You are viewing a plain text version of this content. The canonical link for it is here.
Posted to yarn-dev@hadoop.apache.org by "Andrew Chung (Jira)" <ji...@apache.org> on 2021/11/11 16:15:00 UTC
[jira] [Created] (YARN-11002) Resource-aware Opportunistic Container Allocation

Andrew Chung created YARN-11002:
-----------------------------------

             Summary: Resource-aware Opportunistic Container Allocation
                 Key: YARN-11002
                 URL: https://issues.apache.org/jira/browse/YARN-11002
             Project: Hadoop YARN
          Issue Type: New Feature
          Components: container-queuing, resourcemanager
            Reporter: Andrew Chung
            Assignee: Andrew Chung


Currently, Centralized opportunistic container (OContainer) allocation only considers queue length on nodes.
However, based on production experience, we found that relying only on queue length for allocating OContainers can lead to very high queue times.

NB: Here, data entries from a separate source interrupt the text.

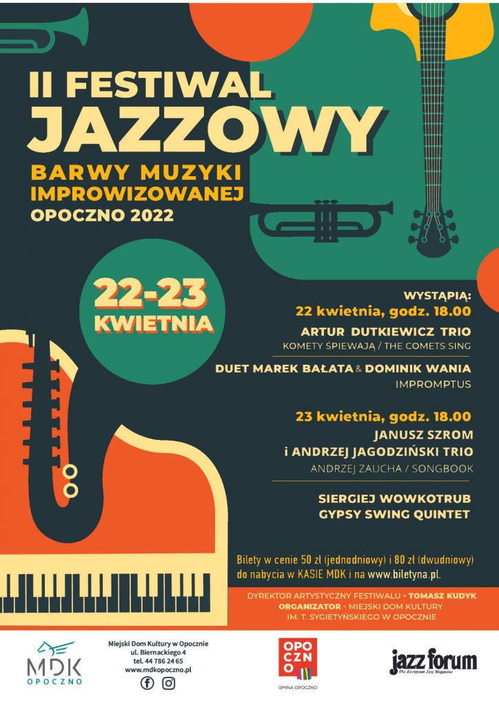 22 i 23 kwietnia br. Miejski Dom Kultury im. T. Sygietyńskiego w Opocznie organizuje drugą edycję „Festiwalu Jazzowego. Barwy Muzyki Improwizowanej”, wydarzenia aspirującego do rangi jednego z ważniejszych w kulturze na krajowej scenie muzycznej.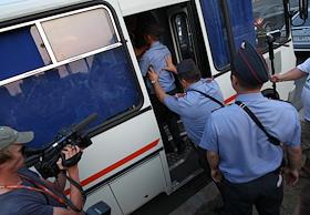 Лидер федерации автовладельцев России (ФАР) Сергей Канаев (в центре) после пикета за равенство прав…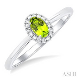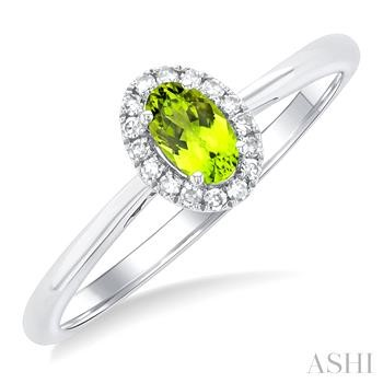5x3 MM Oval Shape Peridot and 1/20 Ctw Single Cut Diamond Halo Semi-Precious Ring in 10K White Gold ( I - J | I1 - I2)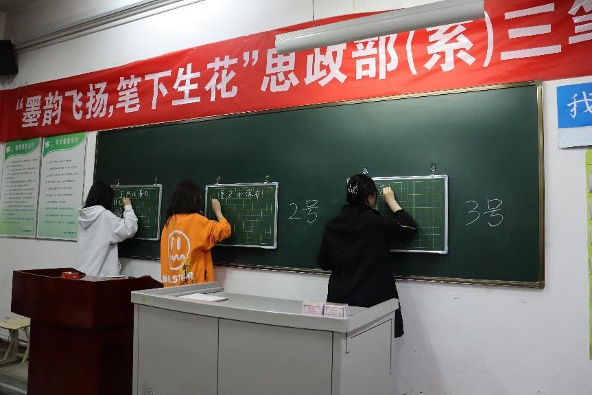 三笔字是教师传授知识信息、传播审美观念、传承民族文化、塑造自身形象的重要载体。为贯彻落实教育部关于强化师范生“三笔字”教学基本功训练要求,提高学生的师范技能和专业素养,丰富大学生课余生活,我系于4月9日晚举办了“墨韵飞扬,笔下生花”三笔字竞赛,思政系党总支书记赵东旭、系主任翟翠玲、系副主任康小兵出席竞赛活动,班主任老师李小旭、张瑞娇、韩弘丽、孙晋媛,思政专业教研室主任王丽,特邀嘉宾中文系书法博士刘亚丽老师担任评委,思政系分团委负责人董贺主持活动,大一大二学生代表130余人参与活动。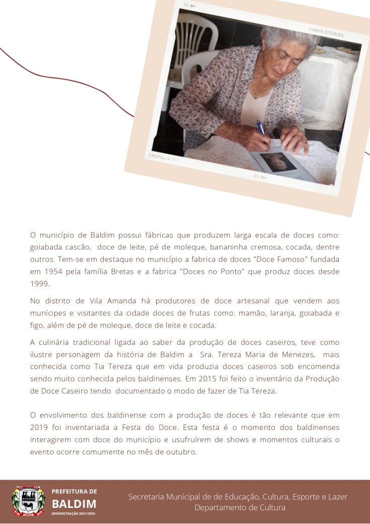 Diante do exposto a Diretora de Cultura, Sra. Nadir Gonçalves Martins Santos com o objetivo de levar conhecimento aos baldinenses, acerca da culinária tradicional ligada a produção de doces no município, desenvolveu um panfleto com conteúdo sucinto, porém informativo a respeito do tema.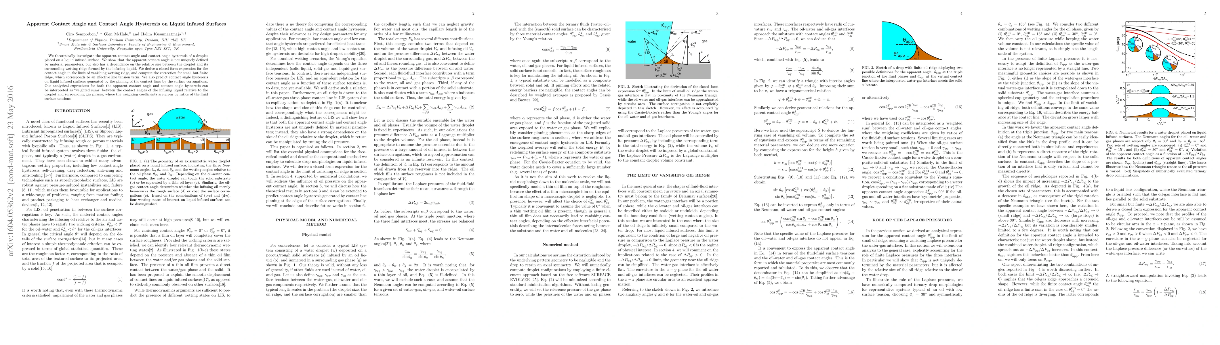 This paper investigates how droplet contact angle and hysteresis on liquid-infused surfaces depend on the size of the droplet relative to the surrounding wetting ridge. The authors derive a closed-form expression for contact angle and predict hysteresis due to contact line pinning by surface corrugations.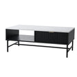Structurally, the 15mm MDF composite construction and black powder-coated metal frame render the coffee table stable and sturdy even with constant robust use. Having all your coffee table leisure and entertainment elements close at hand is facilitated by the cavernous drawer with a classy aluminium alloy handle and an equally spacious open shelf at its side. On top, the vast faux marble surface also lends itself to hosting several coffee table accessories with ease. And that makes the functionality of this coffee table an absolute 10.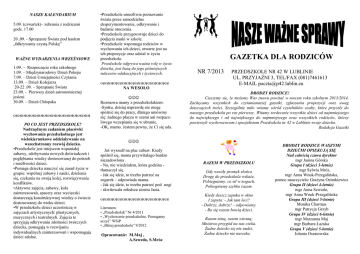 NASZE KALENDARIUM 5.09. (czwartek)– zebrania z rodzicami godz. 17.00 20..09. - Sprzątanie Świata pod hasłem „0dkrywamy czystą Polskę” WAŻNE WYDARZENIA WRZEŚNIOWE 1.09. – Rozpoczęcie roku szkolnego 1.09. – Międzynarodowy Dzień Pokoju 7.09. – Dzień Umiejętności Czytania 13.09. – Dzień Kolejarza 20-22 .09. – Sprzątanie Świata 23.09. - Pierwszy dzień astronomicznej jesieni 30.09. – Dzień Chłopaka PO CO JEST PRZEDSZKOLE? Nadrzędnym zadaniem placówki wychowania przedszkolnego jest wielokierunkowe oddziaływanie na wszechstronny rozwój dziecka. •Przedszkole jest miejscem wspaniałej zabawy, zdobywania nowych doświadczeń i pogłębiania wiedzy dostosowanej do potrzeb i możliwości dzieci. •Pomaga dziecku nauczyć się zasad życia w grupie: wspólnej zabawy i nauki, dzielenia się, czekania na swoją kolej, rozwiązywania konfliktów. •Aktywne zajęcia, zabawy, koła zainteresowań, spacery oraz wycieczki dostarczają konstruktywnej wiedzy o świecie dostosowanej do wieku dzieci. •W przedszkolu dzieci uczestniczą w zajęciach artystycznych: plastycznych, muzycznych i teatralnych. Zajęcia te sprzyjają odkrywaniu zdolności twórczych dziecka, pomagają w rozwijaniu indywidualnych zainteresowań i wspomagają dzieci zdolne. •Przedszkole umożliwia poznawanie świata przez samodzielne eksperymentowanie, odkrywanie i badanie otoczenia. •Przedszkole przygotowuje dzieci do podjęcia nauki w szkole. •Przedszkole wspomaga rodziców w wychowaniu ich dzieci, otwarte jest na ich propozycje oraz udział w życiu przedszkola. Przedszkole odgrywa ważna rolę w życiu dziecka, jest bazą do jego późniejszych sukcesów edukacyjnych i życiowych. NA WESOŁO Rozmowa mamy z przedszkolakiem: -Synku, dzisiaj naprawdę nie mogę spóźnić się do pracy, dlatego umówmy się: żadnego płaczu w szatni ani rozpaczliwego wczepiania się w ubranie. -OK, mamo. Jestem pewny, że Ci się uda. GAZETKA DLA RODZICÓW NR 7/2013 PRZEDSZKOLE NR 42 W LUBLINIE UL. PRZYJAŹNI 3, TEL/FAX (081)7461613 E-MAIL [email protected] DRODZY RODZICE! Cieszymy się, że możemy Was znowu powitać w nowym roku szkolnym 2013/2014. Zachęcamy wszystkich do czytanianaszej gazetki, zgłaszania propozycji oraz uwag dotyczących treści. Szczególnie miło witamy wśród czytelników osoby, które przyszły do naszego przedszkola po raz pierwszy. Witamy serdecznie wszystkie dzieci od najmniejszego do największego i od największego do najmniejszego oraz wszystkich rodziców, którzy powierzyli wychowawcom i specjalistom Przedszkola nr 42 w Lublinie swoje dziecko. Redakcja Gazetki Jaś wyszedł na plac zabaw. Kiedy spóźnił się, mama przywitałago bardzo niezadowlona . - No, nie wiedziałem, która godzina tłumaczył się. - Jak się idzie, to trzeba patrzeć na zegarek – odpowiada mama. - Jak się idzie, to trzeba patrzeć pod nogi - skwitowała młodsza siostra Jasia. Literatura: • „Przedszkolak” Nr 4/2011 • „Wychowanie przedszkolne. Pomagamy uczyć” WSiP • „Bliżej przedszkola” 9/2012 Opracowanie: M.Maj , A.Szwedo, S.Mróz RAZEM W PRZEDSZKOLU Gdy wesoły promyk słońca Drogę do przedszkola wskaże, Pobiegniemy, co sił w nogach, Pobiegniemy szybko razem. Kiedy deszcz zapuka w okno I zapyta: - Jak tam leci? - Dobrze, dobrze! – odpowiemy. - Bo się razem bawią dzieci. Razem zimą, razem wiosną; Mnóstwo przygód na nas czeka. Żadne dziecko się nie nudzi, Żadne dziecko nie narzeka. DRODZY RODZICE WASZYMI DZIEĆMI OPIEKUJĄ SIĘ Nad całością czuwa dyrektor mgr Janina Górska Grupa I (dzieci 3-letnie) mgr Sylwia Mróz, mgr Anna Wnuk-Przegalińska, pomoc nauczyciela: Grażyna Ozimkiewicz Grupa II (dzieci 4-letnie) mgr Anna Szwedo, mgr Anna Wnuk-Przegalińska Grupa III (dzieci 5-letnie) Monika Charmas mgr Patrycja Grzyb Grupa IV (dzieci 6-letnie) mgr Marzanna Maj mgr Barbara Łazuka Grupa V (dzieci 5-letnie) Jolanta Oszatowska RADY DLA RODZICÓW 3 – LATKÓW 1. Nie przeciągaj pożegnania w szatni. Pomóż dziecku rozebrać się, pocałuj je i wyjdź. 2.Nie zabieraj dziecka do domu, kiedy płacze. Jeśli zrobisz to choć raz, będzie wiedziało, że łzami można wszystko wymusić. 3.Nie obiecuj: jeśli pójdziesz do przedszkola, to coś dostaniesz. 4.Kontroluj to, co mówisz. Zamiast: już możemy wracać do domu, powiedz: teraz możemy iść do domu. To niby niewielka różnica, a jednak pierwsze zdanie ma negatywny wydźwięk. 5.Nie wymuszaj na dziecku, żeby zaraz po przyjściu do domu opowiedziało, co się wydarzyło w przedszkolu. Powoduje to niepotrzebny stres. 6.Jeśli dziecko przy pożegnaniu płacze, postaraj się, żeby przez kilka dni odprowadzał je tato. Rozstania z tatą są mniej bolesne. 7.Pamiętaj: zawsze żegnaj i witaj swoje dziecko uśmiechem. RODZICU PAMIĘTAJ!!! Nie strasz dziecka przedszkolem. Nie mów, że powiesz pani o jego złym zachowaniu w domu. Nie opowiadaj w towarzystwie dziecka o swoich obawach lub wątpliwościach związanych z przedszkolem lub panią. Nie strasz dziecka swoimi przykrymi przedszkolnymi przeżyciami. Dziecko powinno wiedzieć, że miejsce, w którym ma spędzać czas bez rodziców, jest dobre i bezpieczne. Nie obiecuj rzeczy, co, do których nie masz pewności, np. że dziecko nie będzie musiało kłaść się na leżaku lub codziennie będzie mogło przynosić do przedszkola swoją ulubioną zabawkę. Lepiej wcześniej porozmawiać z panią, by upewnić się, jakie zasady obowiązują w danej grupie i w przedszkolu. JAK POZNAĆ, ŻE DZIECKO ZAADOPTOWAŁO SIĘ W PRZEDSZKOLU dziecko mówi o tym, co wydarzyło się w przedszkolu, co samo robiło, kto odwiedził je w grupie dziecko chce iść do przedszkola, nawet w wolne dni wstaje wcześniej podejmuje zabawy, w których wyraża swoje emocje, doświadczenia, zabawa pochłania je całkowicie przejawia zainteresowanie i akceptację dla nowych kolegów, często o nich opowiada rodzicom akceptuje spotkanych w przedszkolu dorosłych, ufnie podchodzi do nich w

Namely, while we rely on queue length to sort the candidate nodes for OContainer allocation, the queue length used in computation can be stale/outdated, depending on node HB frequency, leading to an exceedingly high number of queued nodes. This excessive queueing can lead to queued vertices on the critical path of our jobs blocking the rest of the job's vertices. Here's an example illustrating what can happen:
Suppose an NM can run 3 containers, and has no allocated containers to start with.
AM -> RM: heartbeat, allocate 6 containers
RM.NodeQueueLoadMonitor: nothing allocated on NM now, mark 3 containers on NM as allocated to AM, 3 containers from AM outstanding.
RM -> AM: allocate 3 containers on NM
NM -> RM: heartbeat with no containers allocated
RM.NodeQueueLoadMonitor: mark 0 containers allocated on NM
AM -> NM: run 3 containers
NM ->AM : ACK, run 3 containers, no more capacity on NM
AM -> RM: heartbeat
RM.NodeQueueLoadMonitor: nothing allocated on NM now, mark 3 more containers on NM as allocated to AM (in reality, there should be 3 containers already allocated on NM, and the 3 marked in this heartbeat will be queued), no containers from AM outstanding.
RM -> AM: allocate the 3 remaining containers on NM

We've found that, if OContainers are unlucky, they can be co-located with vertices that run for an excessively long period of time, requiring them to wait a long time before they can begin to run. This led to certain jobs to experience a > 3x increase in median run time. In these cases, it is better for the OContainer to remain un-released at the RM until NMs report available resources.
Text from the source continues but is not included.